### PROBLEM DETAILS
Find the line that contains "Kit educativo para" in the records below, then repeat exactly that line and each one after it, leaving pictures out.
SOURCE INFORMATION: Begin
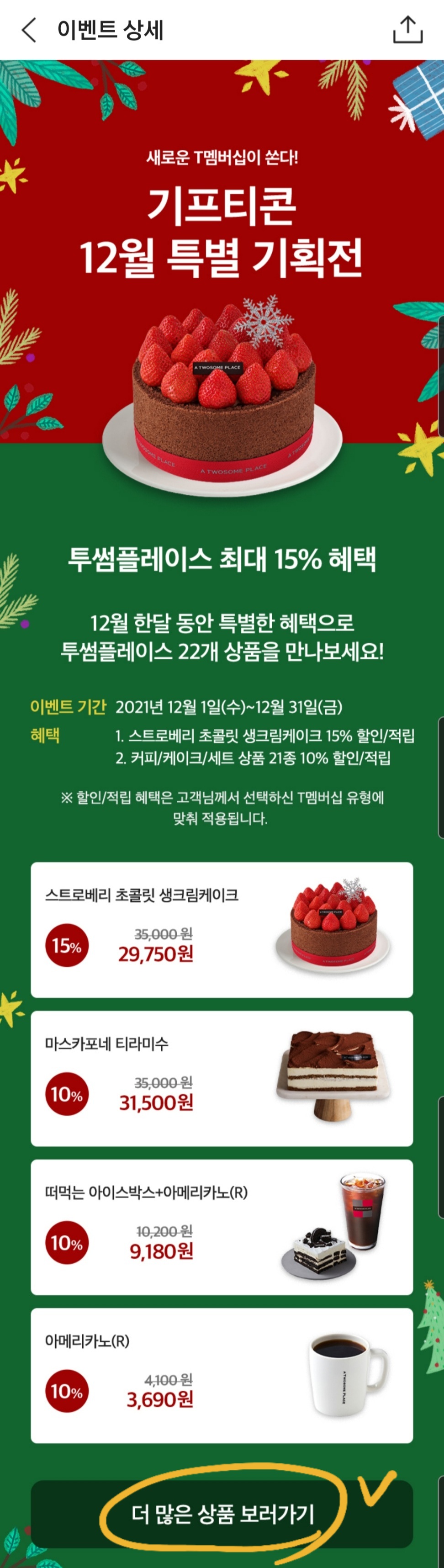 그럼 다음 화면에 '기프티콘 12월 특별 기획전'이라고 투썸플레이스 할인 혜택 설명이 보입니다. 아래로 쭉 스크롤해서 '더 많은 상품 보러가기'를 눌러주세요.
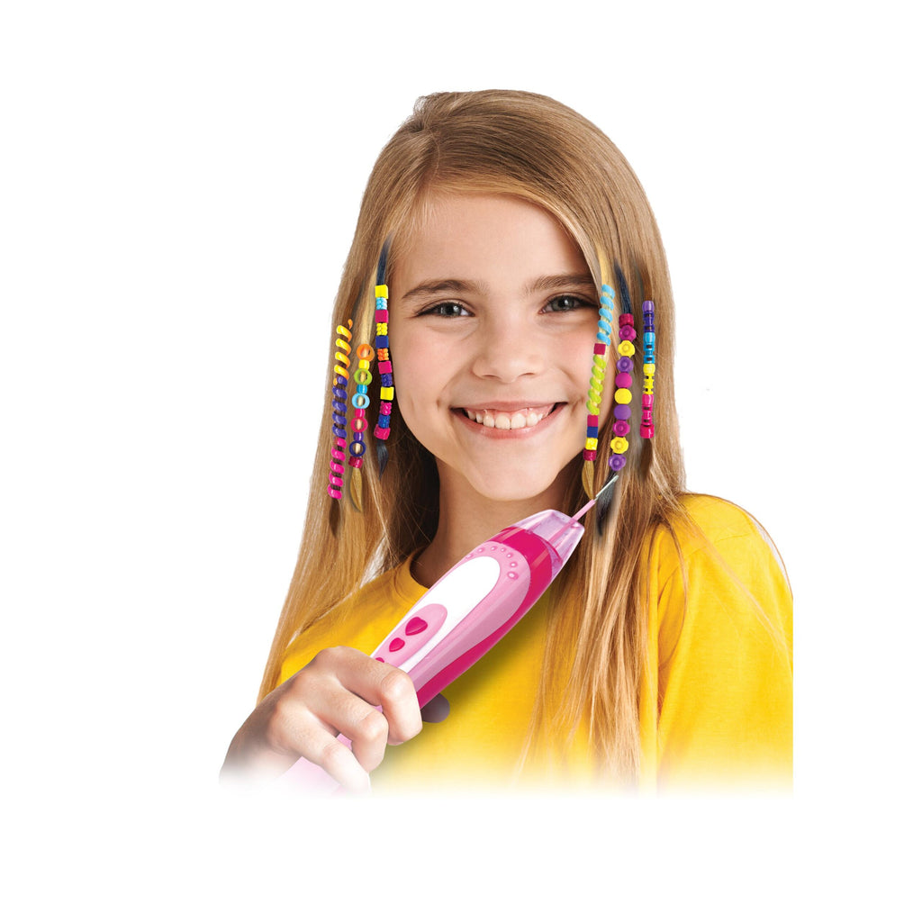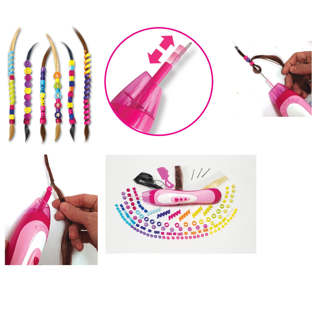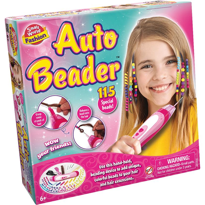 Instantly add colourful beads to your hair with the Small World Fashion Auto Beader. This clever, battery-operated device makes styling quick and fun. Simply load the special beads into the tool, hook a strand of hair, and press the button to automatically thread the beads for a cool, unique look. The set includes 115 assorted beads to create endless new styles. Perfect for parties and festivals, the Fashion Auto Beader lets you change your look in minutes.
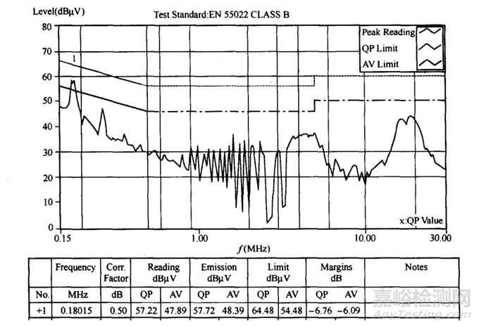 對該開關(guān)電源進(jìn)行輻射發(fā)射和傳導(dǎo)騷擾測試,可以順利通過EN55022標(biāo)準(zhǔn)中規(guī)定的 CLASSB的限值要求,其測試幅頻曲線如下所示:
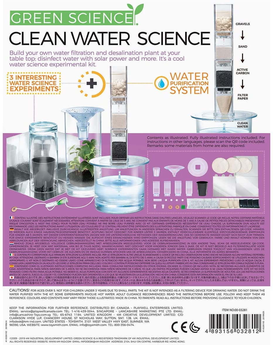 Kit educativo para filtração de água CLEAN WATER SCIENCE na caixa com imagens do produto e instruções.
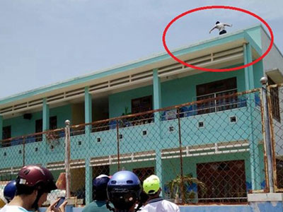 Thanh niên nghi ngáo đá leo lên sân thượng trường mầm non
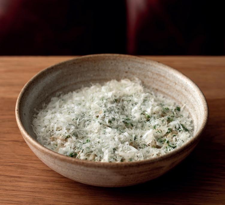There isn’t a grain of rice in sight in this tasty ‘risotto’, which is made using two di erent kinds of mushrooms instead. The process is relatively simple, we combine finely diced king oyster mushrooms with a creamy mushroom puree. Parmesan and fresh chives finish it beautifully.
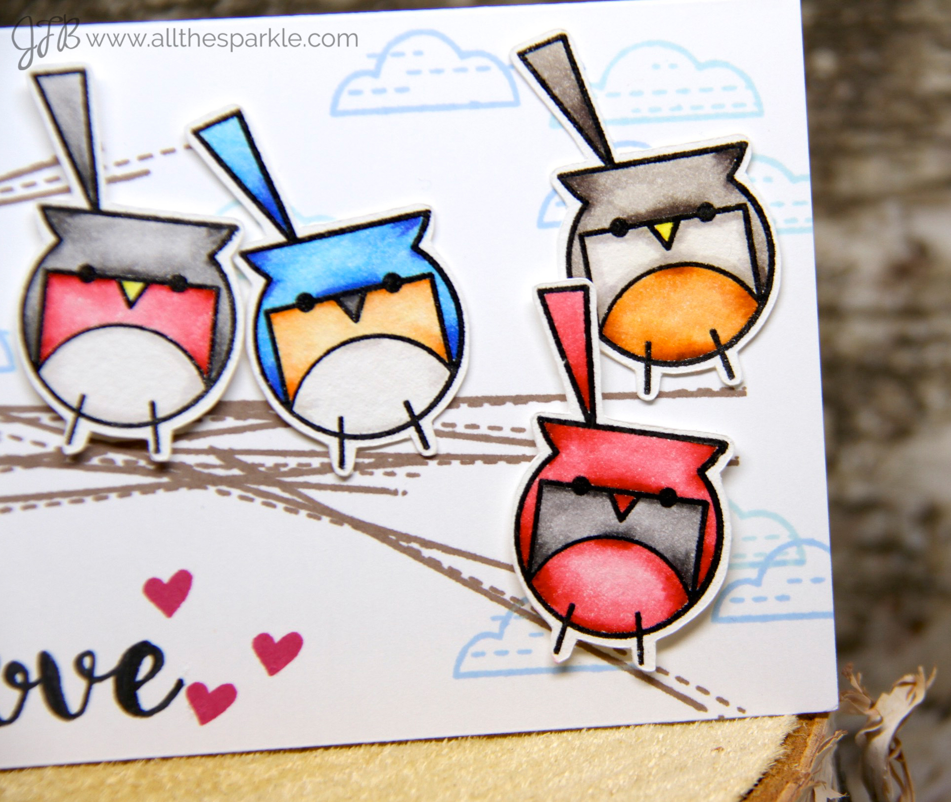 I adhered some of the birds with my ATG gun and some with foam mounting tape for a little dimension and that’s it! Seriously though, if you like cute critters I can’t recommend this set enough! It’s so much fun to color!
SOURCE INFORMATION: End
### TASK OUTPUT
 Kit educativo para filtração de água CLEAN WATER SCIENCE na caixa com imagens do produto e instruções.
 Thanh niên nghi ngáo đá leo lên sân thượng trường mầm non
There isn’t a grain of rice in sight in this tasty ‘risotto’, which is made using two di erent kinds of mushrooms instead. The process is relatively simple, we combine finely diced king oyster mushrooms with a creamy mushroom puree. Parmesan and fresh chives finish it beautifully.
 I adhered some of the birds with my ATG gun and some with foam mounting tape for a little dimension and that’s it! Seriously though, if you like cute critters I can’t recommend this set enough! It’s so much fun to color!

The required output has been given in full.